Task >>
Transcribe exactly the lines below that begin at the line with "(1896-1993) was an" and stop after the line with "С вместимост от", leaving out every picture.

** Opening Entries shown block **

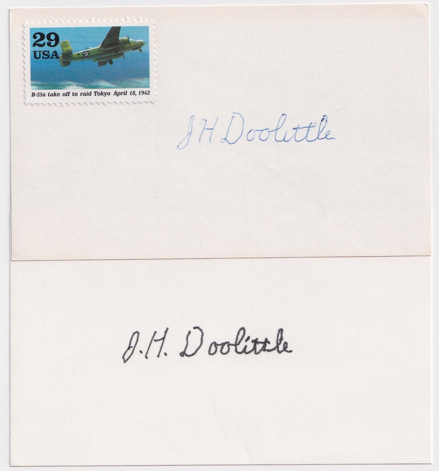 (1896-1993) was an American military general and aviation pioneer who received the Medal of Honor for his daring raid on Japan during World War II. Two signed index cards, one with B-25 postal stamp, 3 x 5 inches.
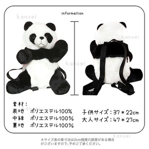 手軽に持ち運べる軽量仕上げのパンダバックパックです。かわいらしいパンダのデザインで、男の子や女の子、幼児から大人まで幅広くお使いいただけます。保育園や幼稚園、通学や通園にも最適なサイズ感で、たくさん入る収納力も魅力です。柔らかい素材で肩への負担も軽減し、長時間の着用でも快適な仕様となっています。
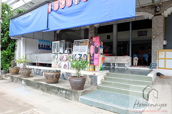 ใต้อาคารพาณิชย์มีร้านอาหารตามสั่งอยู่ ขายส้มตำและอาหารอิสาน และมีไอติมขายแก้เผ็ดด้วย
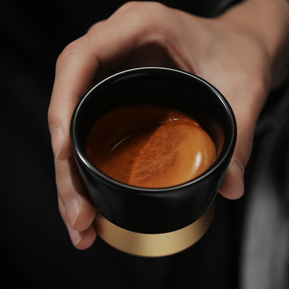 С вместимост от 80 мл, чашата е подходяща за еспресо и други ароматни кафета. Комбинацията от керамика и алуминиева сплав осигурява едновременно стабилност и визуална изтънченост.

** Closing Entries shown block **
** Opening Entries shown block **

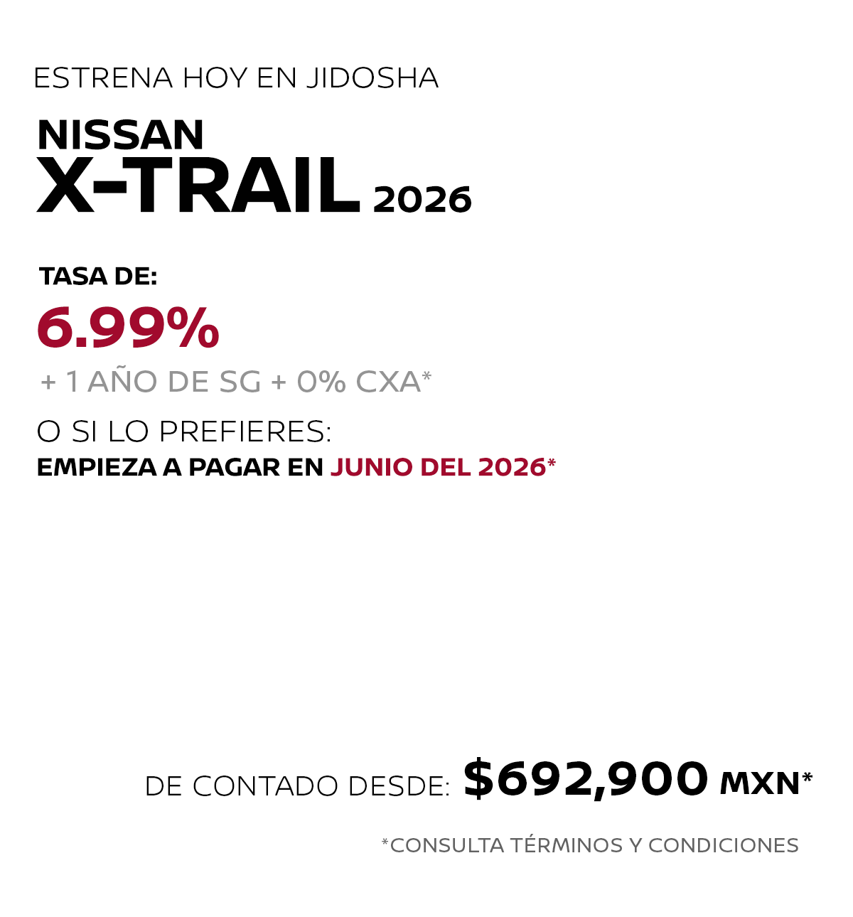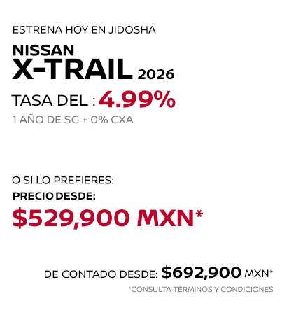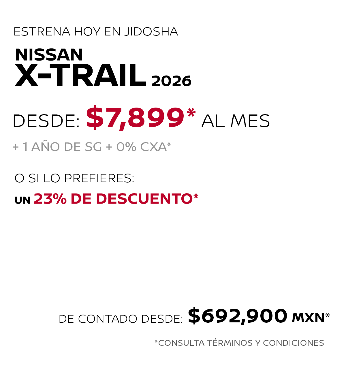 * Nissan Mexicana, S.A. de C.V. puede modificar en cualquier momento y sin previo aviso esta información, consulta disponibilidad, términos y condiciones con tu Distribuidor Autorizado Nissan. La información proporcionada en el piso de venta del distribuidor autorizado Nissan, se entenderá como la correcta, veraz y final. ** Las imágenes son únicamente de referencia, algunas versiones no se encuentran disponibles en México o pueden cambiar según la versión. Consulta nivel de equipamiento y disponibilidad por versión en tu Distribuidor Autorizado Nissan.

** Closing Entries shown block **
** Opening Entries shown block **

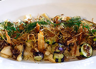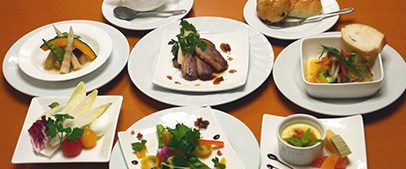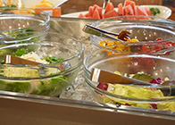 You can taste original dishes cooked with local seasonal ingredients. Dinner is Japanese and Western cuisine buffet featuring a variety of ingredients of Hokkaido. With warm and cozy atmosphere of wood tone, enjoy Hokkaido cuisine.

** Closing Entries shown block **

Response below >>
 (1896-1993) was an American military general and aviation pioneer who received the Medal of Honor for his daring raid on Japan during World War II. Two signed index cards, one with B-25 postal stamp, 3 x 5 inches.
 手軽に持ち運べる軽量仕上げのパンダバックパックです。かわいらしいパンダのデザインで、男の子や女の子、幼児から大人まで幅広くお使いいただけます。保育園や幼稚園、通学や通園にも最適なサイズ感で、たくさん入る収納力も魅力です。柔らかい素材で肩への負担も軽減し、長時間の着用でも快適な仕様となっています。
 ใต้อาคารพาณิชย์มีร้านอาหารตามสั่งอยู่ ขายส้มตำและอาหารอิสาน และมีไอติมขายแก้เผ็ดด้วย
 С вместимост от 80 мл, чашата е подходяща за еспресо и други ароматни кафета. Комбинацията от керамика и алуминиева сплав осигурява едновременно стабилност и визуална изтънченост.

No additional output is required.